F ernando Botero (Medellín, 1932) es un clásico vivo que a sus ochenta y ocho años sigue
pintando con la misma furiosa urgencia que al comienzo de su carrera. Su vocación se ha
mantenido incólume desde que, a los diecisiete años, le comunicó a su madre su decisión
irrevocable de dedicarse a la pintura. Pinta desde hace más de setenta años durante siete u ocho
horas diarias los siete días de la semana y ha declarado en diversas oportunidades que no concibe la
vida sin pintar, que le gustaría llegar a los 102 años pintando como Tiziano o morir pintando como
le sucedió a Pablo Picasso.

La pintura, sin embargo, no fue su primera vocación. Lo primero que quiso ser en la vida fue torero.
Tenía apenas doce años pero su tenacidad y pasión eran tan monolíticas y convincentes que su tío
Joaquín lo inscribió en una academia taurina. Solo se desilusionó de la tauromaquia cuando tuvo
que enfrentarse a un novillo y sintió que el miedo lo paralizaba. Desde entonces se entregó
literalmente en cuerpo y alma a la pintura: “Cuando pinto dejo de existir. Trabajo de pie ocho horas
al día y nunca siento cansancio. Es como si abandonara el cuerpo y me siento en éxtasis.”

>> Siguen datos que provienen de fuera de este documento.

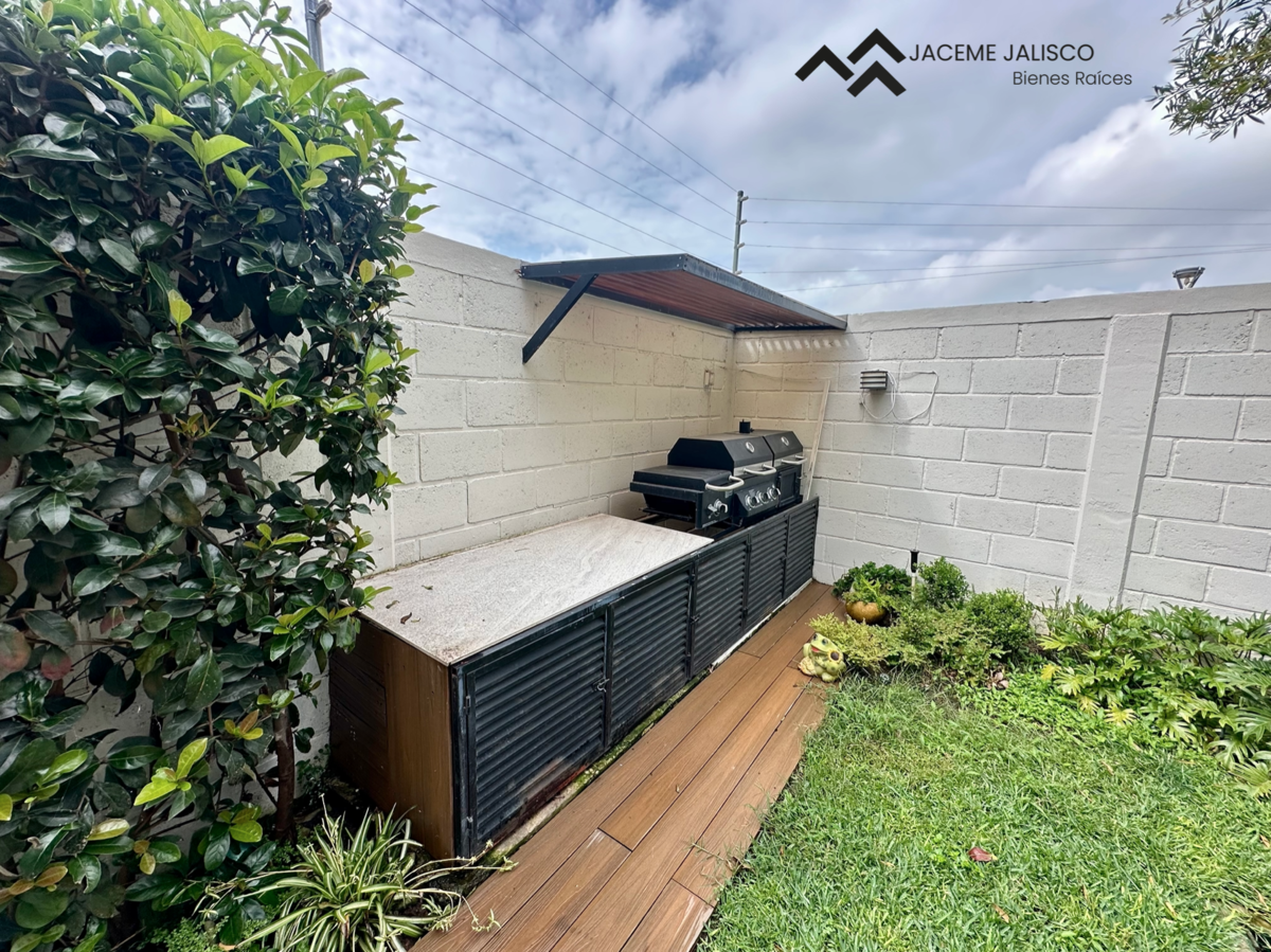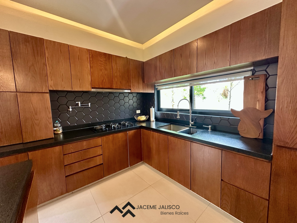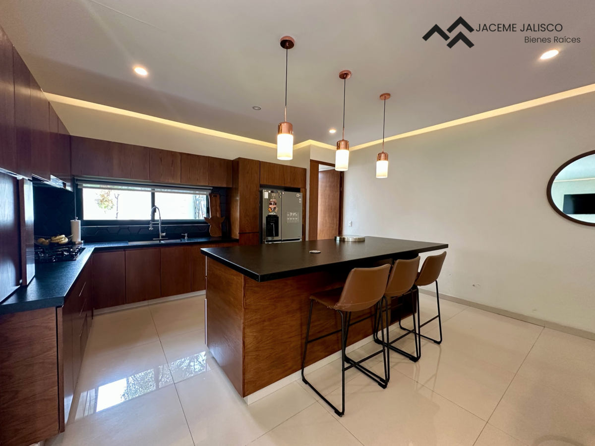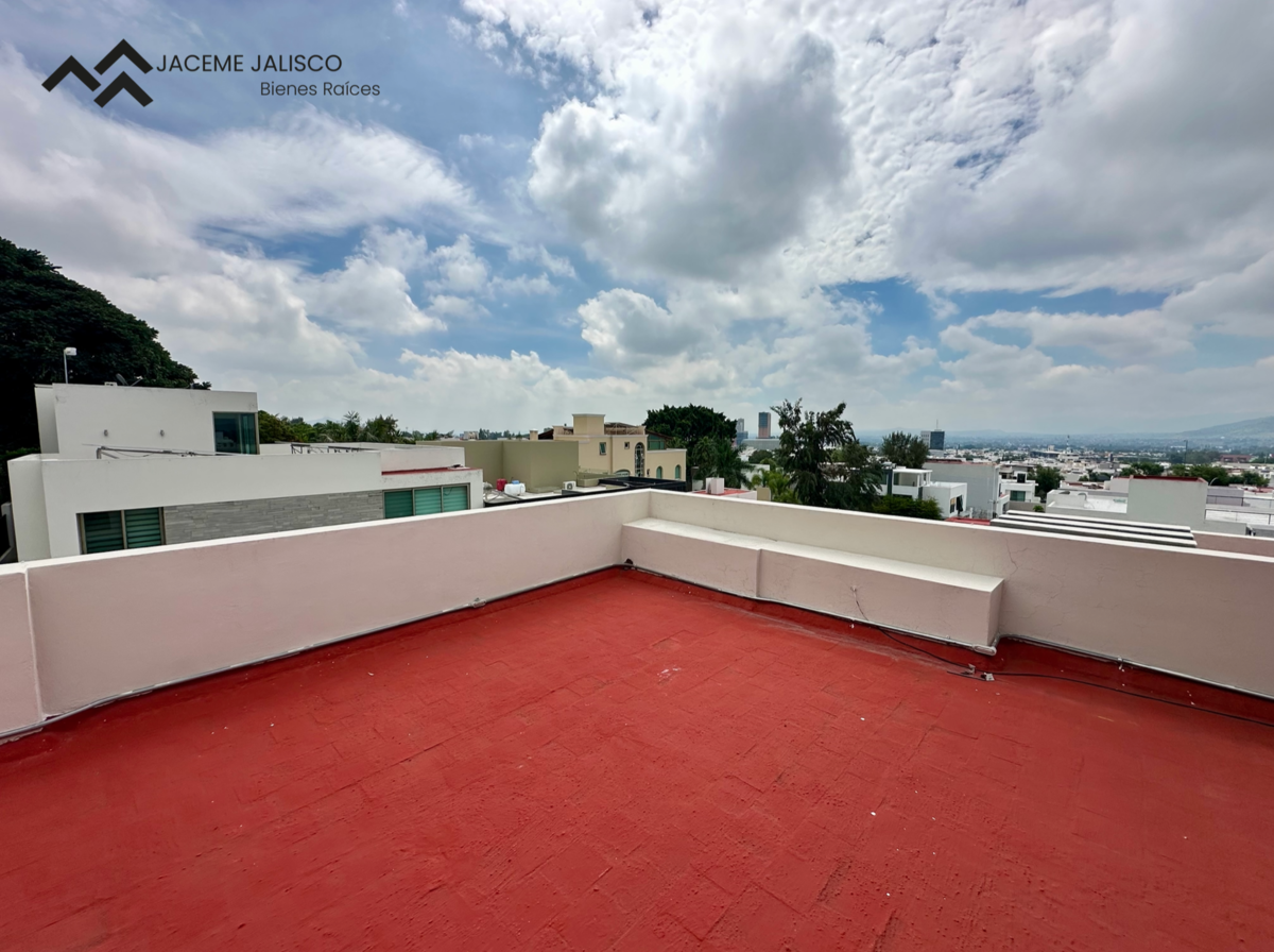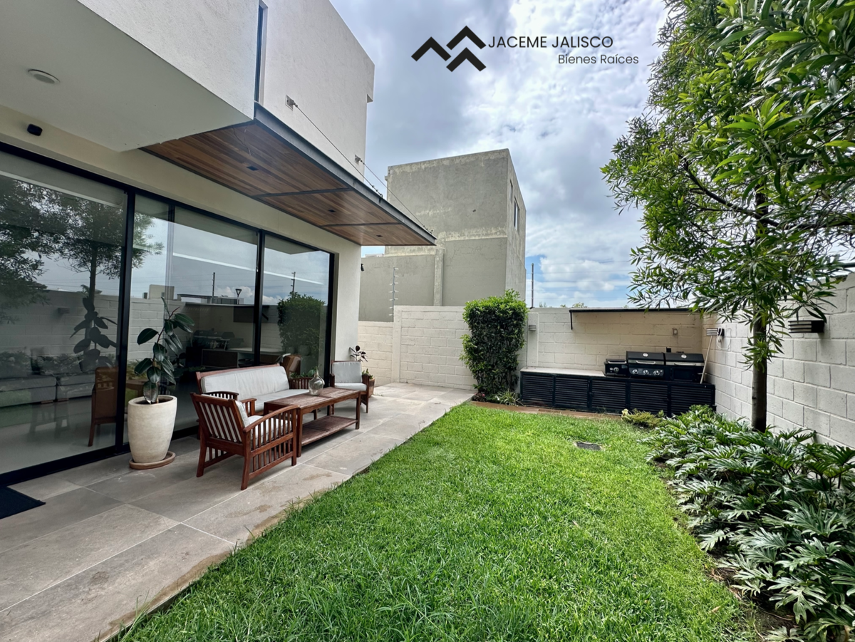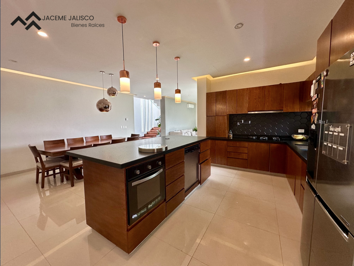Planta baja: Hermoso recibidor a doble altura, amplia sala con hermosa vista a terraza y jardín, comedor, amplia cocina equipada. Recámara en planta baja con baño completo. Área de lavado. Acceso a Roof Terrace. Estacionamiento para 3 autos. Bodega.

En sus primeras obras - las más remotas son dibujos de toros y la acuarela de un torero- ya están
en ciernes el rasgo característico de su pintura: su interés por el volumen para construir a partir de la
desmesura de las formas una visión muy original del mundo. Desde los comienzos de su carrera
artística Fernando Botero tuvo la convicción de que la clave de su éxito consistiría en encontrar su
propia visión del mundo, su estilo. Aquello que solo le pertenecía a él y de tan raigal y profundo a la
memoria de la humanidad. Esta revelación artística la experimentó en México en 1956 cuando
pintando una mandolina en medio de una naturaleza muerta se percató que había dibujado el hueco
de la cavidad sonora muy pequeño, logrando crear una desproporción que distorsionaba la forma
de este instrumento musical. Fue entonces que se dio cuenta que esta era su percepción y visión del
mundo y que debía refundar la realidad a la medida de estas. “Mis obras-dijo alguna vez- no aspiran
a copiar la realidad sino a ofrecer un universo propio y coherente.”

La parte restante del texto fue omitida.